## Source material
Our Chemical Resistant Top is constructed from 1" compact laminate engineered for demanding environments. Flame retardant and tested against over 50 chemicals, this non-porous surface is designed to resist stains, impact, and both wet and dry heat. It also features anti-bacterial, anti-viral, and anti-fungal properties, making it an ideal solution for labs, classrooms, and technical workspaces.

...

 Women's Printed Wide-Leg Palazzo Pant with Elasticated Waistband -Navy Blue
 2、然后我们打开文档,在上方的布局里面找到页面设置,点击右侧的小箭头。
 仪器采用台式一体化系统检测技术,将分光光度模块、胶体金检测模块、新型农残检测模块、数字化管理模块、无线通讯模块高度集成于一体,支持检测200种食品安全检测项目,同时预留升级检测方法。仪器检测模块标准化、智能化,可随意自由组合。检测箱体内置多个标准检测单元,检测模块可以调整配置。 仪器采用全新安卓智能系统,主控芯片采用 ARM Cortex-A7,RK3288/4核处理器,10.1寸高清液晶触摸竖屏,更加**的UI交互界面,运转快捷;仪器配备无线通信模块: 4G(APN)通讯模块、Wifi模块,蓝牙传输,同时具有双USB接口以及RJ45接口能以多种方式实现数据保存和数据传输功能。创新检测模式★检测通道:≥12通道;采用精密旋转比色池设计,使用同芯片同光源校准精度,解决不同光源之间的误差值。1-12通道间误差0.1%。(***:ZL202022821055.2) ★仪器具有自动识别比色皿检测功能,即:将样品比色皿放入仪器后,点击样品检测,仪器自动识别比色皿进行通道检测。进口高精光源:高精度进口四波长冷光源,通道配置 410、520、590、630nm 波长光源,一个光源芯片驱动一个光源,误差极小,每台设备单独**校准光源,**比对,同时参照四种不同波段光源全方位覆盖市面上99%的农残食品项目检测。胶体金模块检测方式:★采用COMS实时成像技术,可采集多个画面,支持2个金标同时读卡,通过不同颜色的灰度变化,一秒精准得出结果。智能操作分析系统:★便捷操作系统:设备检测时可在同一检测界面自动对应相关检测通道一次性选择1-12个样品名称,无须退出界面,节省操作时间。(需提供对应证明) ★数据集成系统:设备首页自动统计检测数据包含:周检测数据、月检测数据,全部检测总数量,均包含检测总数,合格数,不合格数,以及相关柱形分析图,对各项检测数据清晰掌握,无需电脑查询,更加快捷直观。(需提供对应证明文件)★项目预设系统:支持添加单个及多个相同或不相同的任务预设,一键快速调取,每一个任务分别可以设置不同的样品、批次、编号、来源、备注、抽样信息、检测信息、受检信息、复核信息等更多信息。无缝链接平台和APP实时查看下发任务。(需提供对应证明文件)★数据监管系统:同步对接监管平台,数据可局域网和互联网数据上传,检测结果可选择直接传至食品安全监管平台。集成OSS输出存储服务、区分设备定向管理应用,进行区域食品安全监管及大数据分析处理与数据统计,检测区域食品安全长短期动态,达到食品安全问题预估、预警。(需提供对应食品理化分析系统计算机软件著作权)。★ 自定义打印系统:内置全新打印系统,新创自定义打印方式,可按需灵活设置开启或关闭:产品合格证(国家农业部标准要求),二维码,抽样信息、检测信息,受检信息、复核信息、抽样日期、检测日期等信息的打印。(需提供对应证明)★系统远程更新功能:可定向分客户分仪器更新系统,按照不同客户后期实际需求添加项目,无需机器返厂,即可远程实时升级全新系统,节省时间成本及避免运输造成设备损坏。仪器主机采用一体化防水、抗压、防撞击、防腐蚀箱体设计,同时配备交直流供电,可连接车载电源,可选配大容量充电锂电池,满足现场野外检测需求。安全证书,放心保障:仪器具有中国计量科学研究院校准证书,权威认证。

...

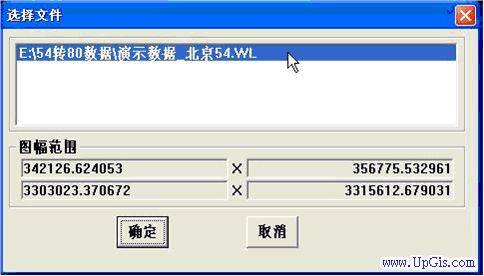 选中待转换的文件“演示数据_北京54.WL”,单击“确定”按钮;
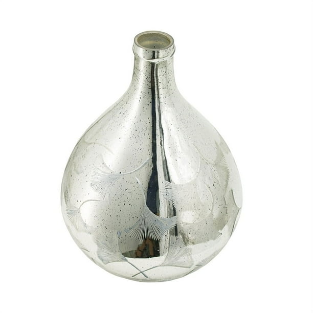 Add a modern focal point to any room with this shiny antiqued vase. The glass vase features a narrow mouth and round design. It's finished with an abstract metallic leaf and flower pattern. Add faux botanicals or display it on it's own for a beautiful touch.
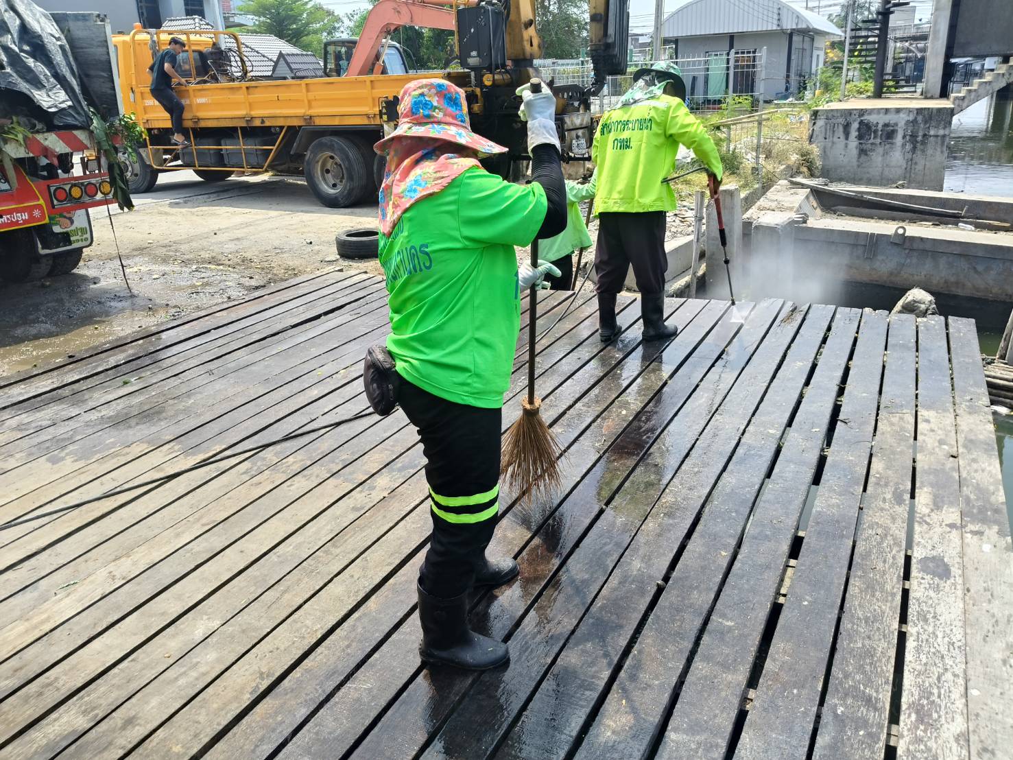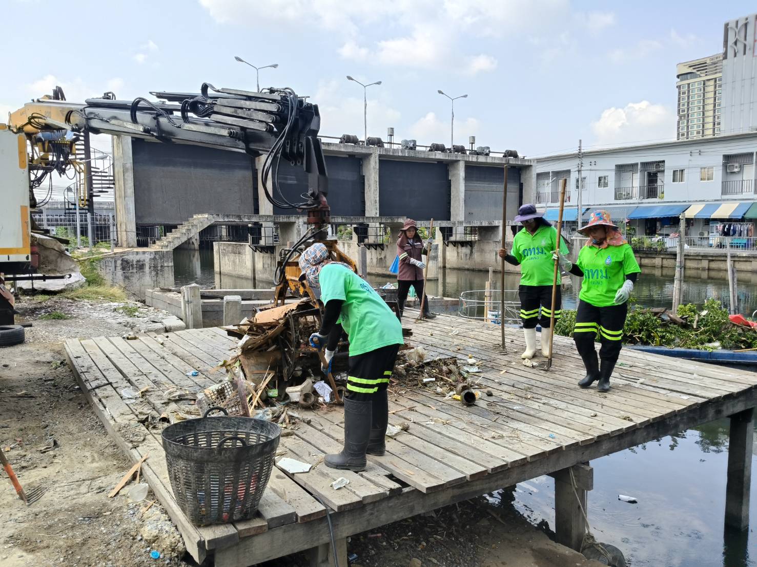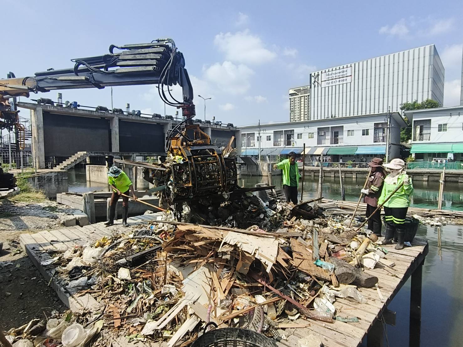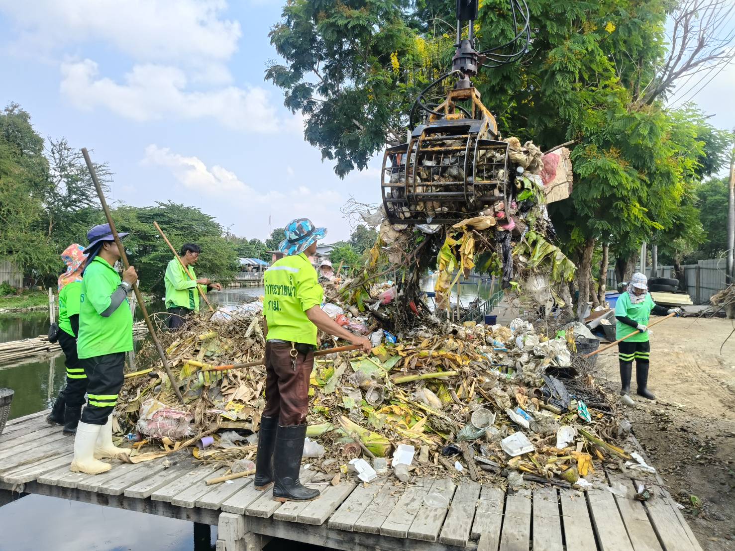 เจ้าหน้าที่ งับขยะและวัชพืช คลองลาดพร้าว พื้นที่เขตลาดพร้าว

## Task prompt
Would you please repeat exactly the lines above, starting at the line with "Women's Printed Wide-Leg" and stopping at the line with "2、然后我们打开文档,在上方的布局里面找到页面设置,点击右侧的小箭头。", both included?

## Exercise solution
 Women's Printed Wide-Leg Palazzo Pant with Elasticated Waistband -Navy Blue
 2、然后我们打开文档,在上方的布局里面找到页面设置,点击右侧的小箭头。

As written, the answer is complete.